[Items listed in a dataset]
★ ★ ★ ★
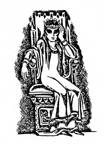 И правда, посветлело впереди. Выехали они из пещеры снова в горы. По уступам гор лес растет. И горы диковинные, и лес диковинный. Присмотрелась молодая – всё кругом оловянное. Скалы из олова, на дубах да осинах ветки и листья из олова, на елях и соснах кора оловянная, хвоя оловянная. Высунулась в окошко молодая, посмотрела вверх – и небо над ней оловянное, тусклым светом светится. Всё будто во сне застыло, не шелохнется, да и откуда под землей ветру взяться?! Расступились наконец оловянные горы. Широкая долина перед ними. Всё заблестело кругом. Трава там из зеленого камня, цветы самоцветные, из голубого камня небо над головой. А посреди долины стоит золотой дворец с серебряными окнами». {15}
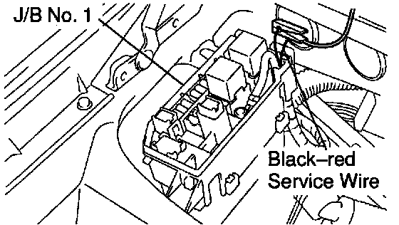 Connect the tester probe of a timing light to the black-red service wire in the J/B No. 1 as shown in the illustration.
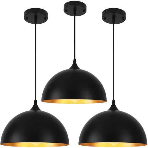 ? Stylish Black and Gold Pendant Lights — These modern pendant lights for kitchen island feature a matte black dome with a warm gold interior. The striking contrast adds timeless elegance and creates a cozy golden glow, making them perfect black pendant lights for kitchen island, dining rooms, bedrooms, or living spaces.
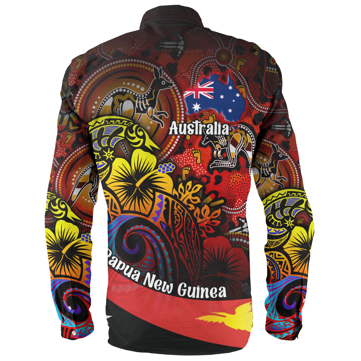 Papua New Guinea And Australia Birds Of Paradise With Aboriginal Long Sleeve Shirt
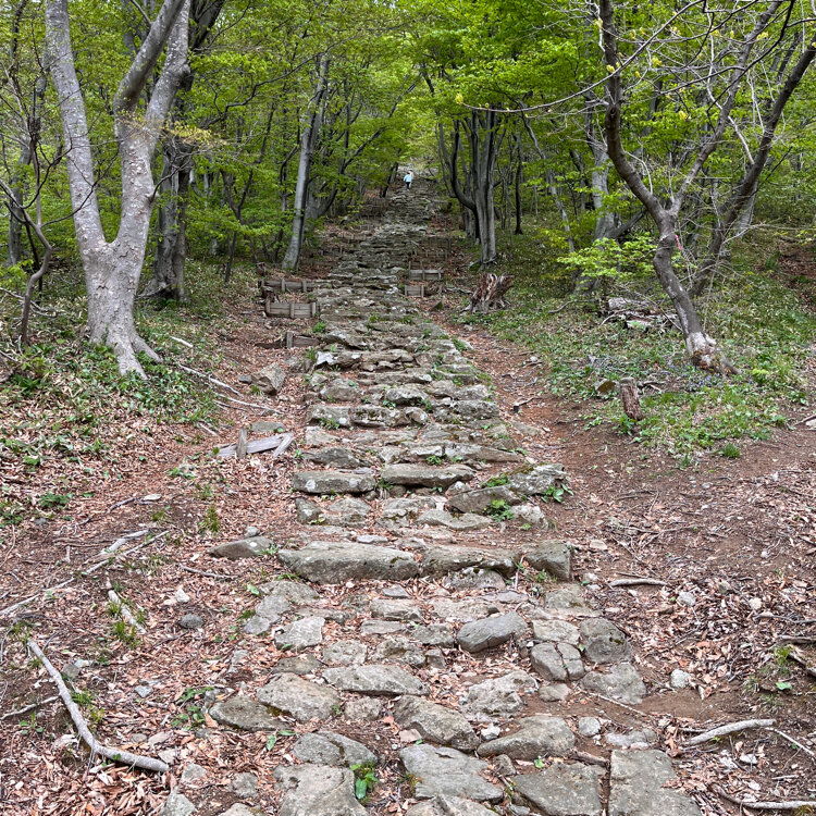 休憩場所はなく、手すりもない、舗装されていない石の階段、静まり返って人気がほぼない‥熊さん出ないよね?
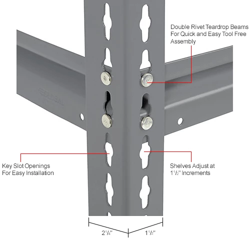 Horizontal beams are roll-formed to a Z-profile for added shelf capacity. Decking sits flush to beams for neater appearance and stability. 2-1/4″ x 1-1/2″ x 14-gauge uprights. Boltless, interlocking beams with double teardrop postholes assemble quickly and without tools. Levels adjust at 1-1/2″ increments. Includes rugged wire grid decking that allows visibility and light, air and sprinkler penetration (reducing insurance premiums). gray baked enamel finish.
★ ★ ★ ★
*Your objective*.
Exclude the pictures and print the rest of the data exactly.

*Answer section*.
 И правда, посветлело впереди. Выехали они из пещеры снова в горы. По уступам гор лес растет. И горы диковинные, и лес диковинный. Присмотрелась молодая – всё кругом оловянное. Скалы из олова, на дубах да осинах ветки и листья из олова, на елях и соснах кора оловянная, хвоя оловянная. Высунулась в окошко молодая, посмотрела вверх – и небо над ней оловянное, тусклым светом светится. Всё будто во сне застыло, не шелохнется, да и откуда под землей ветру взяться?! Расступились наконец оловянные горы. Широкая долина перед ними. Всё заблестело кругом. Трава там из зеленого камня, цветы самоцветные, из голубого камня небо над головой. А посреди долины стоит золотой дворец с серебряными окнами». {15}
 Connect the tester probe of a timing light to the black-red service wire in the J/B No. 1 as shown in the illustration.
 ? Stylish Black and Gold Pendant Lights — These modern pendant lights for kitchen island feature a matte black dome with a warm gold interior. The striking contrast adds timeless elegance and creates a cozy golden glow, making them perfect black pendant lights for kitchen island, dining rooms, bedrooms, or living spaces.
 Papua New Guinea And Australia Birds Of Paradise With Aboriginal Long Sleeve Shirt
 休憩場所はなく、手すりもない、舗装されていない石の階段、静まり返って人気がほぼない‥熊さん出ないよね?
 Horizontal beams are roll-formed to a Z-profile for added shelf capacity. Decking sits flush to beams for neater appearance and stability. 2-1/4″ x 1-1/2″ x 14-gauge uprights. Boltless, interlocking beams with double teardrop postholes assemble quickly and without tools. Levels adjust at 1-1/2″ increments. Includes rugged wire grid decking that allows visibility and light, air and sprinkler penetration (reducing insurance premiums). gray baked enamel finish.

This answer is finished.